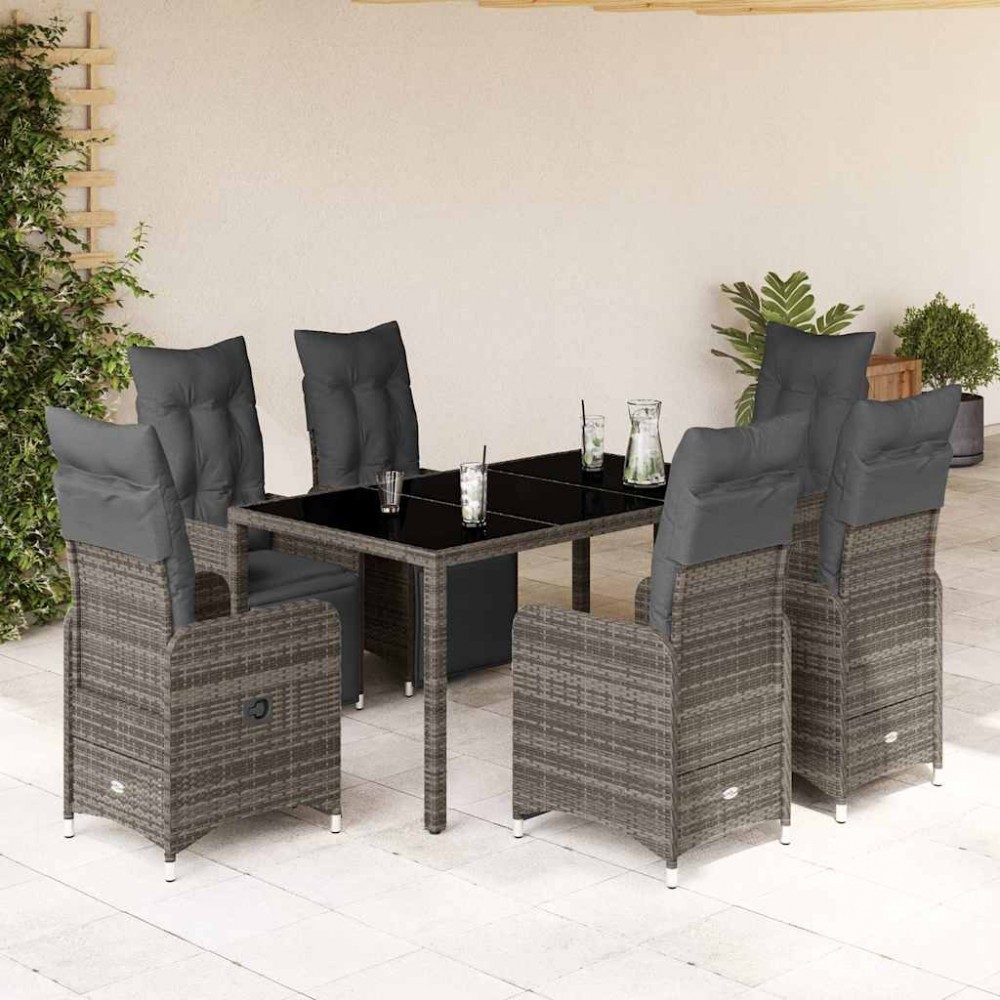 Gossi set bistro de gradina cu perne, 7 piese, gri, poliratan
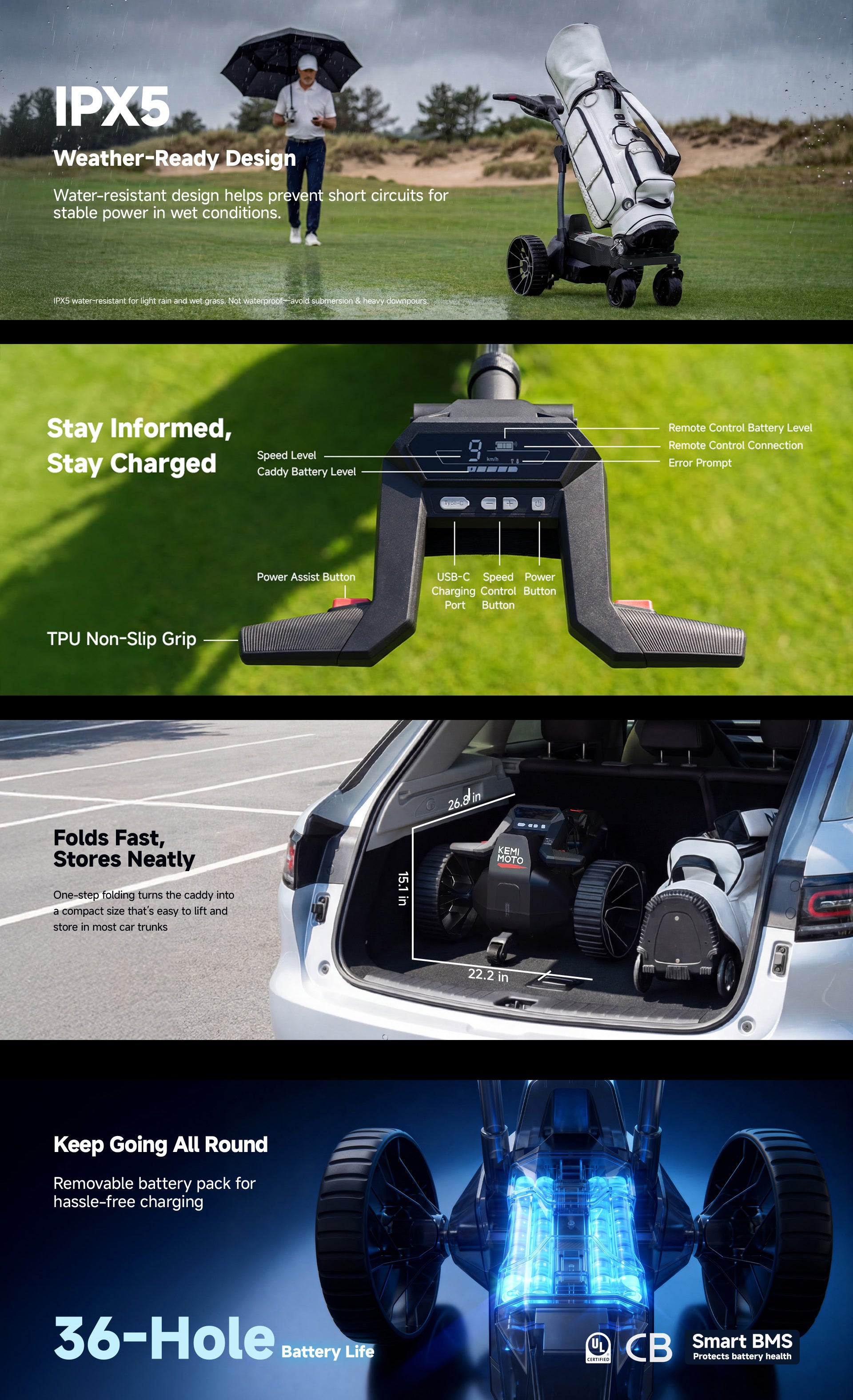 Kemimoto is proud to be a trusted provider of high-quality electric golf push carts. Our commitment to quality, innovation, and customer satisfaction sets us apart, ensuring our golf carts deliver reliable performance, smart convenience, and lasting durability to enhance your experience on the course.
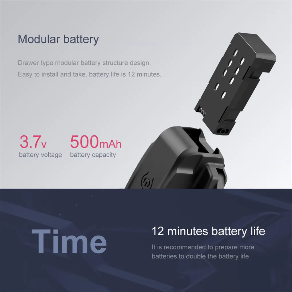 Описание:Мини-Дрон имеет складные рукоятки дизайн, маленький размер, легко носить с собой, встроенный 3,7 V 500 мА/ч, модульная батарея, просты в установке и принять.В безголовом режиме нет необходимости регулировать положение самолета перед полетом, имеет функцию режима удержания высоты, полет стабильный.Детский самолет с дистанционным управлением имеет функцию взлета/посадки/возврата одной кнопки, может легко найти свой путь домой с помощью функции возврата одной кнопкой.Есть 4K или 1080P Пиксельная камера опционально, Дрон может снимать Потрясающие фотографии и видео с неба.Есть вверх/вниз, вперед/назад, влево/вправо, боковой f светильник, светодиодный светильник, Безголовый режим, автоматическая кнопка возврата, режим удержания высоты, Поворот на 360 °, функции WiFi.Спецификация:Материал: АБС-пластик, электронные компоненты.Цвет: черный.Гироскоп: 4-осевая машина.Частота: 2,4G.Канал: 4CH.Мотор: матовый без сердечника.Батарея: 3,7 V 500 мА/ч, Батарея (все указанные аккумуляторы входят в комплект поставки).Мощность передатчика: 3 аккумулятора AAA (не входят в комплект).Режим передатчика: режим 2 (левая дроссельная заслонка).Время полета: около 12 минут.Низкая скорость полета: 2 м/с.Средняя скорость полета: 4 м/с.Высокая скорость полета: 7 м/с.Время зарядки: 60 минут.Дистанция RC: 80-100 м.Расстояние FPV: 15-30 м.FPV: WiFi.Разрешение: 500W-1080P, 4K. (Опционально)Угол обзора камеры: регулируется на 180-90 °.Квадрокоптер Размеры: 18x15x4 см (в разложенном виде); 8x5,5 х 4 см (в сложенном виде).Примечание:Из–за разных компьютерных разрешений может быть небольшое цветовое искажение.Возможны незначительные погрешности из-за различных ручных измерений.Посылка включает в себя:Тип 1:1 Дрон.1 пульт дистанционного управления.1x3,7 V 500 мА/ч, Батарея.1 x usb-кабель для зарядки.2 запасных нарезки.4 x крышка.1 x держатель для телефона.1 отвертка.1 x руководство.1 х органайзер для хранения.
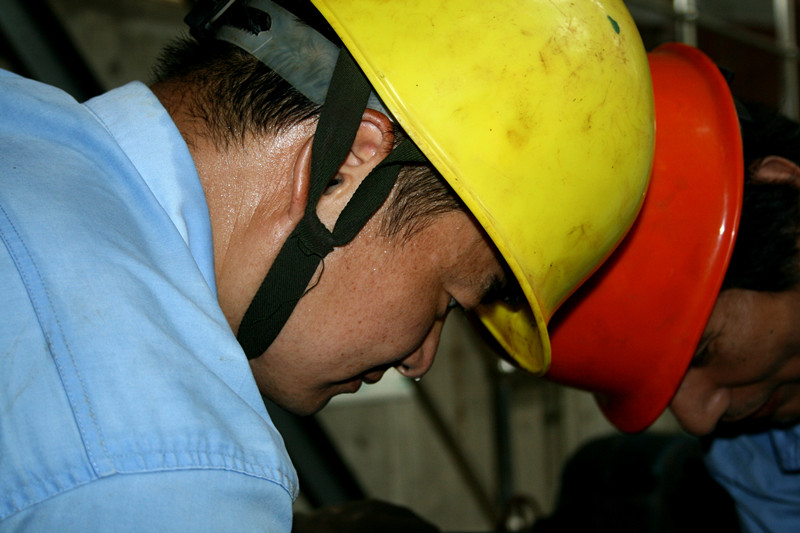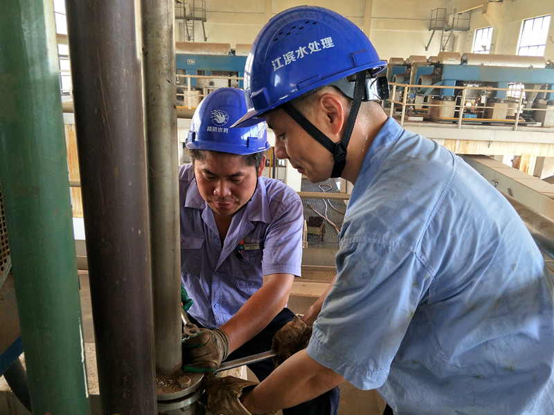 绍兴水处理公司维修人员为了抢修设备,汗流浃背。
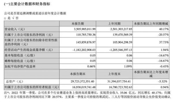 2022年一季报,科大讯飞延续了上一年的趋势。数据显示,一季度科大讯飞营业收入为35.06亿元,同比增加40.17%;净利润为1.11亿元,同比回落20.57%;扣非净利润为1.46亿元,同比增加37.73%。
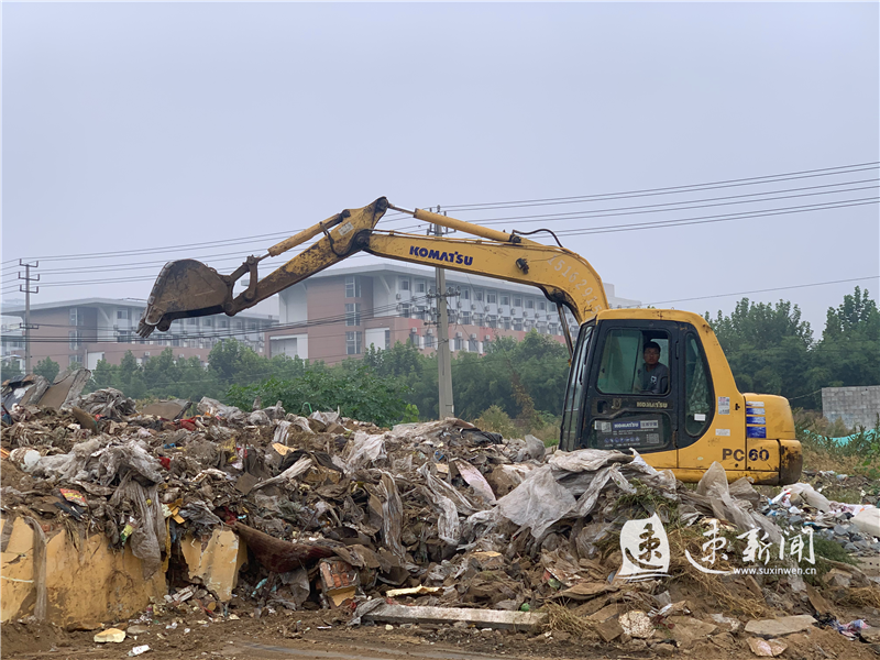 10月2日下午阴雨连连,在黄河故道文化公园项目处,挖掘机正在清理现场建筑垃圾,这个9月29日新开工的项目即将在国庆期间迎来自己的项目。
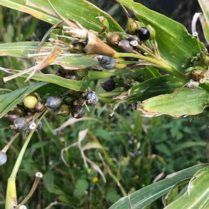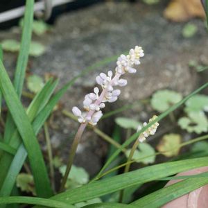 実家の庭から持ってきて植えた藪蘭、ようやく花をつけました。日陰で健気な感じです
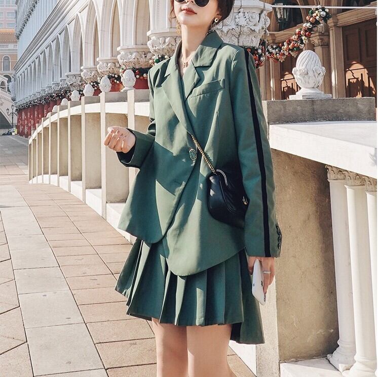たっぷりおしゃれポイントを詰め込んだジャケットとプリーツスカートのセットアップ。
------------------------------------------------
> **EXERCISE INSTRUCTIONS**
Copy out all the data without changing anything, and drop the pictures.

> **FINISHED EXERCISE**
 Gossi set bistro de gradina cu perne, 7 piese, gri, poliratan
 Kemimoto is proud to be a trusted provider of high-quality electric golf push carts. Our commitment to quality, innovation, and customer satisfaction sets us apart, ensuring our golf carts deliver reliable performance, smart convenience, and lasting durability to enhance your experience on the course.
 Описание:Мини-Дрон имеет складные рукоятки дизайн, маленький размер, легко носить с собой, встроенный 3,7 V 500 мА/ч, модульная батарея, просты в установке и принять.В безголовом режиме нет необходимости регулировать положение самолета перед полетом, имеет функцию режима удержания высоты, полет стабильный.Детский самолет с дистанционным управлением имеет функцию взлета/посадки/возврата одной кнопки, может легко найти свой путь домой с помощью функции возврата одной кнопкой.Есть 4K или 1080P Пиксельная камера опционально, Дрон может снимать Потрясающие фотографии и видео с неба.Есть вверх/вниз, вперед/назад, влево/вправо, боковой f светильник, светодиодный светильник, Безголовый режим, автоматическая кнопка возврата, режим удержания высоты, Поворот на 360 °, функции WiFi.Спецификация:Материал: АБС-пластик, электронные компоненты.Цвет: черный.Гироскоп: 4-осевая машина.Частота: 2,4G.Канал: 4CH.Мотор: матовый без сердечника.Батарея: 3,7 V 500 мА/ч, Батарея (все указанные аккумуляторы входят в комплект поставки).Мощность передатчика: 3 аккумулятора AAA (не входят в комплект).Режим передатчика: режим 2 (левая дроссельная заслонка).Время полета: около 12 минут.Низкая скорость полета: 2 м/с.Средняя скорость полета: 4 м/с.Высокая скорость полета: 7 м/с.Время зарядки: 60 минут.Дистанция RC: 80-100 м.Расстояние FPV: 15-30 м.FPV: WiFi.Разрешение: 500W-1080P, 4K. (Опционально)Угол обзора камеры: регулируется на 180-90 °.Квадрокоптер Размеры: 18x15x4 см (в разложенном виде); 8x5,5 х 4 см (в сложенном виде).Примечание:Из–за разных компьютерных разрешений может быть небольшое цветовое искажение.Возможны незначительные погрешности из-за различных ручных измерений.Посылка включает в себя:Тип 1:1 Дрон.1 пульт дистанционного управления.1x3,7 V 500 мА/ч, Батарея.1 x usb-кабель для зарядки.2 запасных нарезки.4 x крышка.1 x держатель для телефона.1 отвертка.1 x руководство.1 х органайзер для хранения.
 绍兴水处理公司维修人员为了抢修设备,汗流浃背。
 2022年一季报,科大讯飞延续了上一年的趋势。数据显示,一季度科大讯飞营业收入为35.06亿元,同比增加40.17%;净利润为1.11亿元,同比回落20.57%;扣非净利润为1.46亿元,同比增加37.73%。
 10月2日下午阴雨连连,在黄河故道文化公园项目处,挖掘机正在清理现场建筑垃圾,这个9月29日新开工的项目即将在国庆期间迎来自己的项目。
 実家の庭から持ってきて植えた藪蘭、ようやく花をつけました。日陰で健気な感じです
たっぷりおしゃれポイントを詰め込んだジャケットとプリーツスカートのセットアップ。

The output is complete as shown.